TASK BRIEF >> All records are to be restated word for word, with pictures excluded.
***
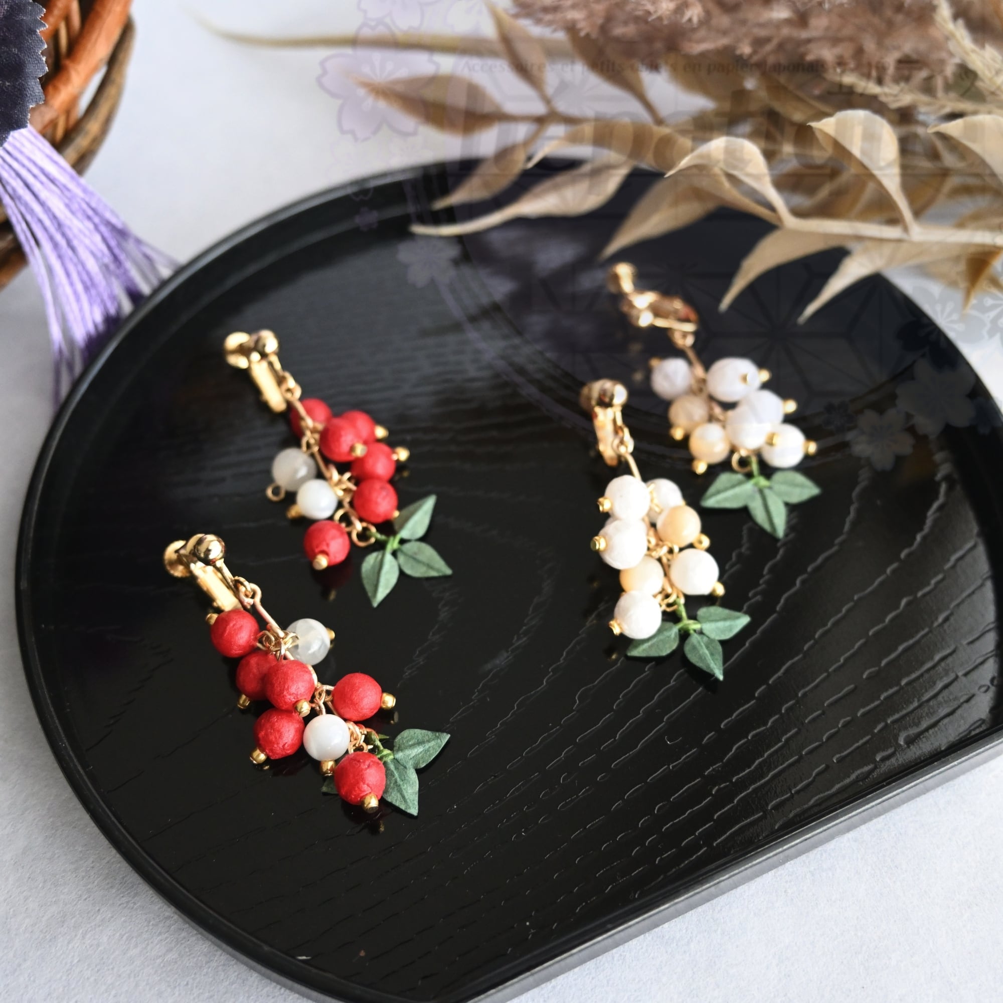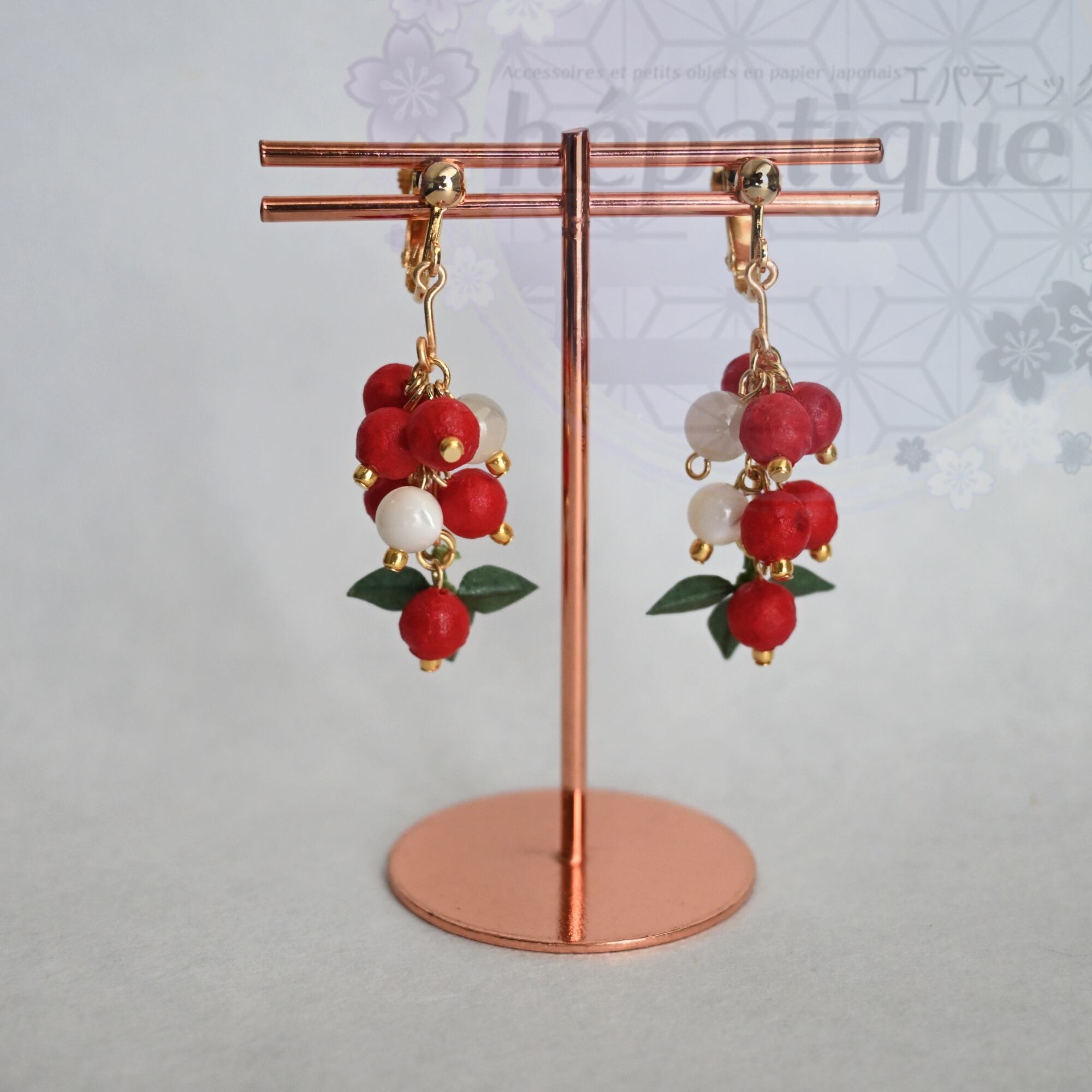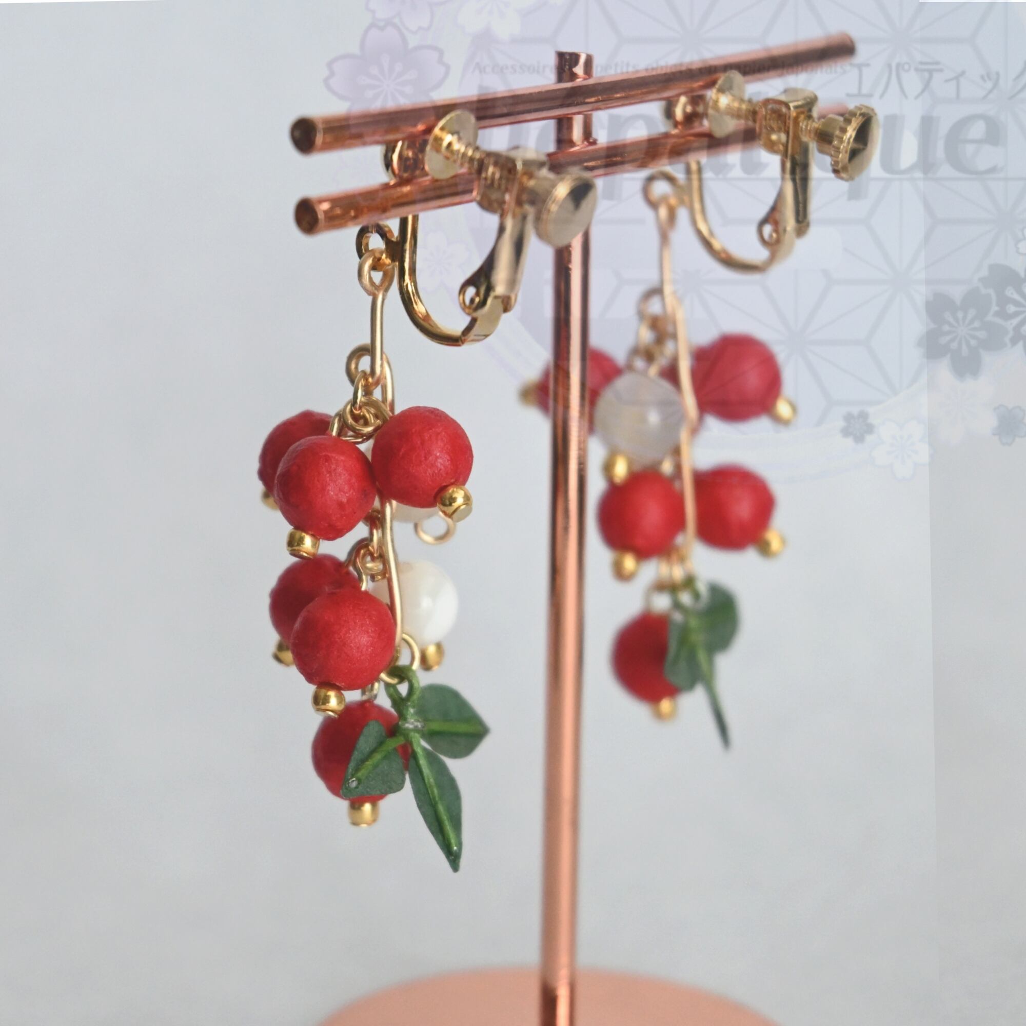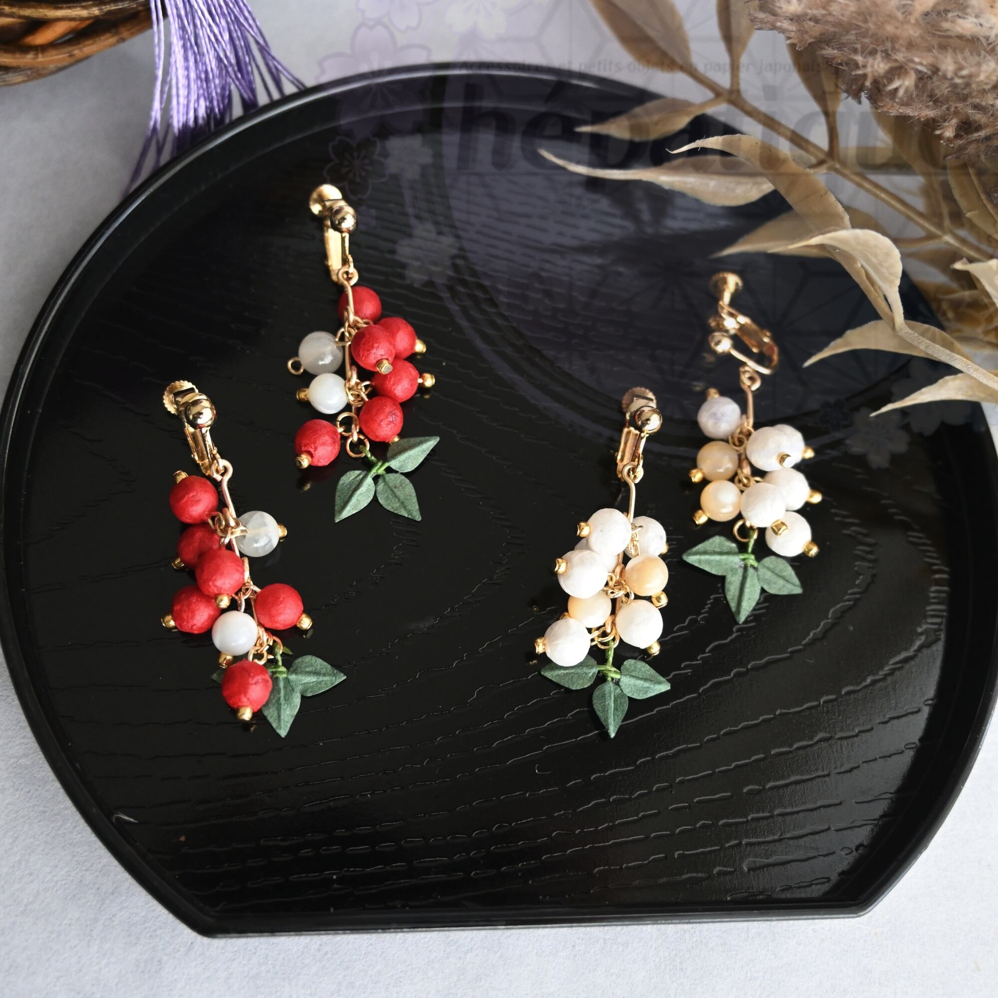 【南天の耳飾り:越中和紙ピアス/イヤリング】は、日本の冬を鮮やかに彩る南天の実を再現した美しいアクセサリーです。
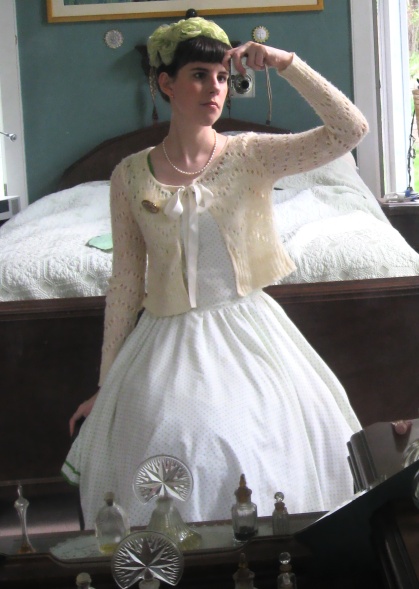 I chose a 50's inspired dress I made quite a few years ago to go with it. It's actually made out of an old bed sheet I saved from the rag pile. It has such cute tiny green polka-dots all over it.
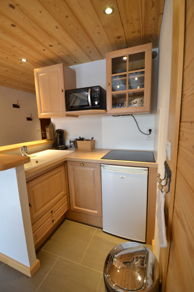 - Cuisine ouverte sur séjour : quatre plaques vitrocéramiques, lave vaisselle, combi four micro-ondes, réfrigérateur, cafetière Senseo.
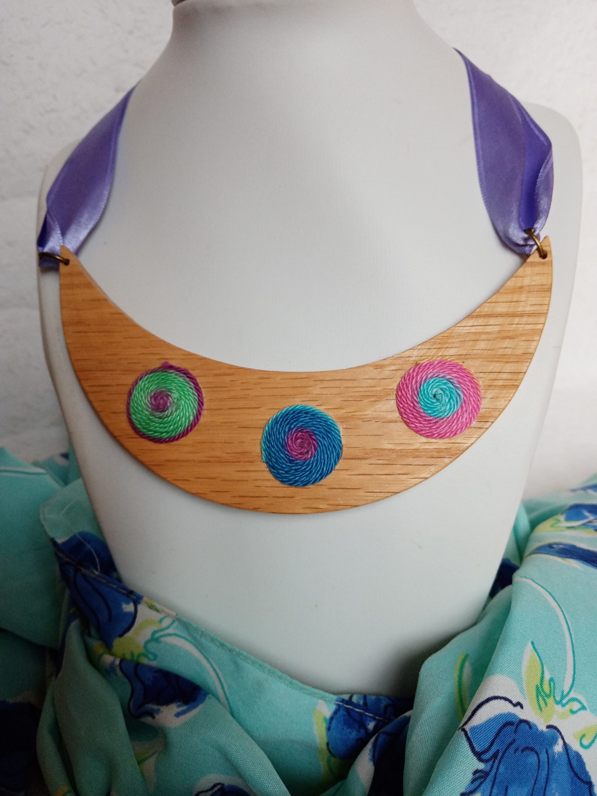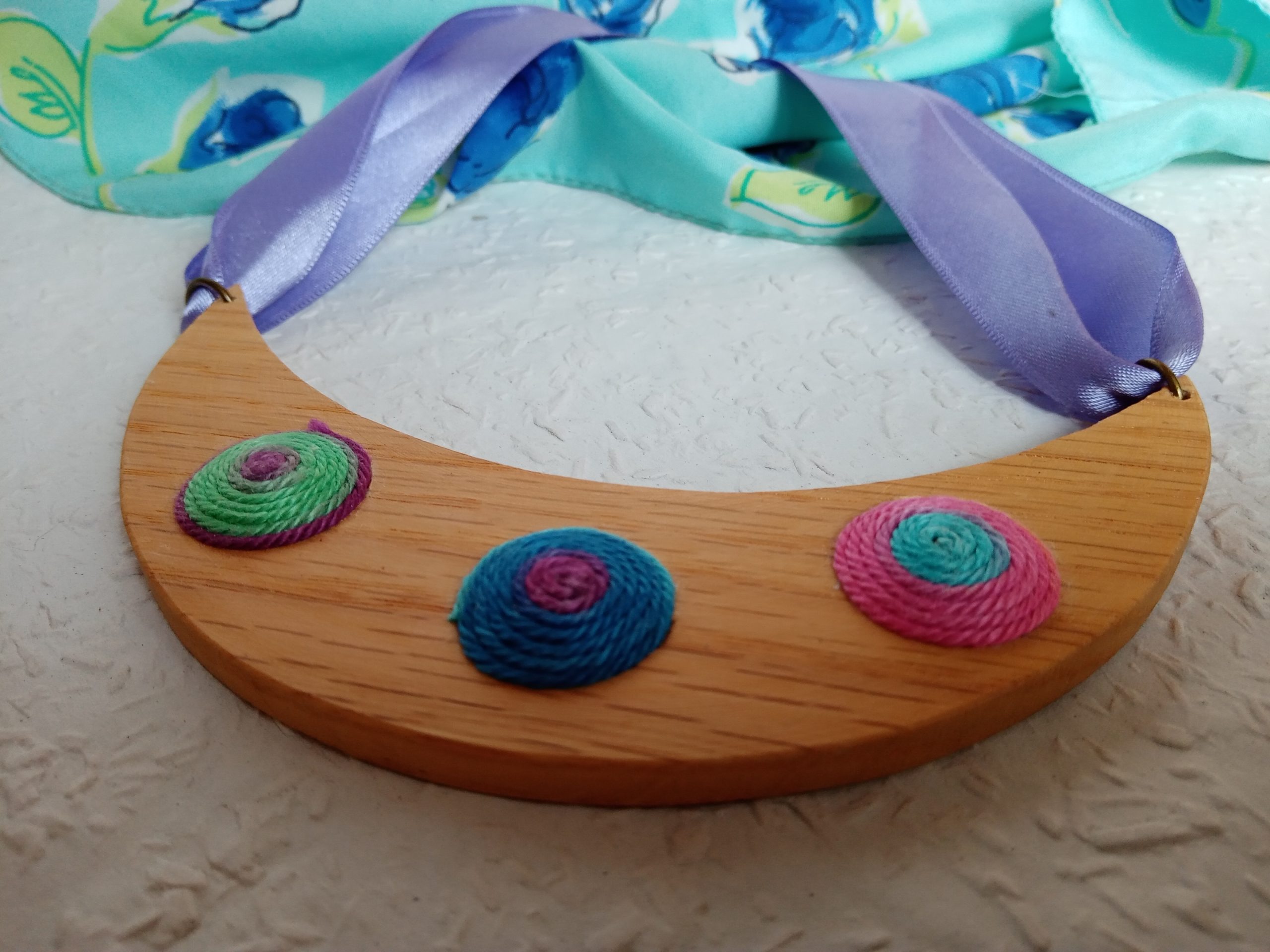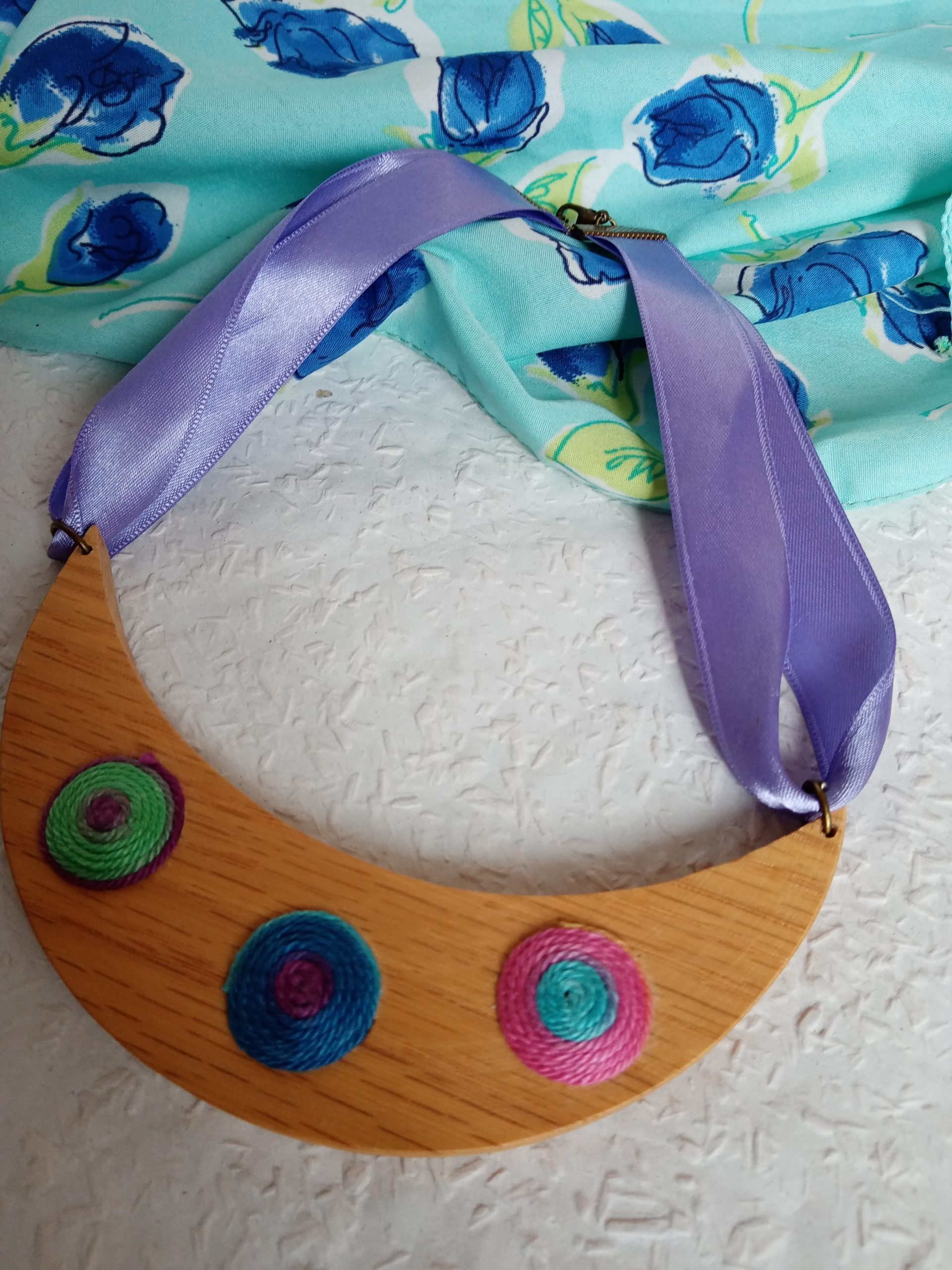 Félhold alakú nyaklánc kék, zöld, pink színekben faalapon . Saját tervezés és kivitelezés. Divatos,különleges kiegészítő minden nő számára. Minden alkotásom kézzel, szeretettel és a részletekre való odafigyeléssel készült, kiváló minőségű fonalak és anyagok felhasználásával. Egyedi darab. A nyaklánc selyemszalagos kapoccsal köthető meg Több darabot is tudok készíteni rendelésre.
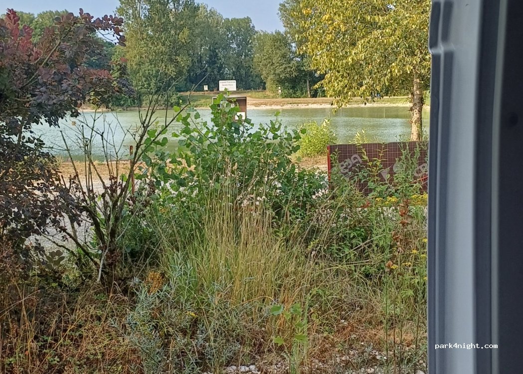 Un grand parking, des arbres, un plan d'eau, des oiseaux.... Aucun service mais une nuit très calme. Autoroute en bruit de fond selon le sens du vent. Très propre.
***
OUTPUT OF THE TASK >>
 【南天の耳飾り:越中和紙ピアス/イヤリング】は、日本の冬を鮮やかに彩る南天の実を再現した美しいアクセサリーです。
 I chose a 50's inspired dress I made quite a few years ago to go with it. It's actually made out of an old bed sheet I saved from the rag pile. It has such cute tiny green polka-dots all over it.
 - Cuisine ouverte sur séjour : quatre plaques vitrocéramiques, lave vaisselle, combi four micro-ondes, réfrigérateur, cafetière Senseo.
 Félhold alakú nyaklánc kék, zöld, pink színekben faalapon . Saját tervezés és kivitelezés. Divatos,különleges kiegészítő minden nő számára. Minden alkotásom kézzel, szeretettel és a részletekre való odafigyeléssel készült, kiváló minőségű fonalak és anyagok felhasználásával. Egyedi darab. A nyaklánc selyemszalagos kapoccsal köthető meg Több darabot is tudok készíteni rendelésre.
 Un grand parking, des arbres, un plan d'eau, des oiseaux.... Aucun service mais une nuit très calme. Autoroute en bruit de fond selon le sens du vent. Très propre.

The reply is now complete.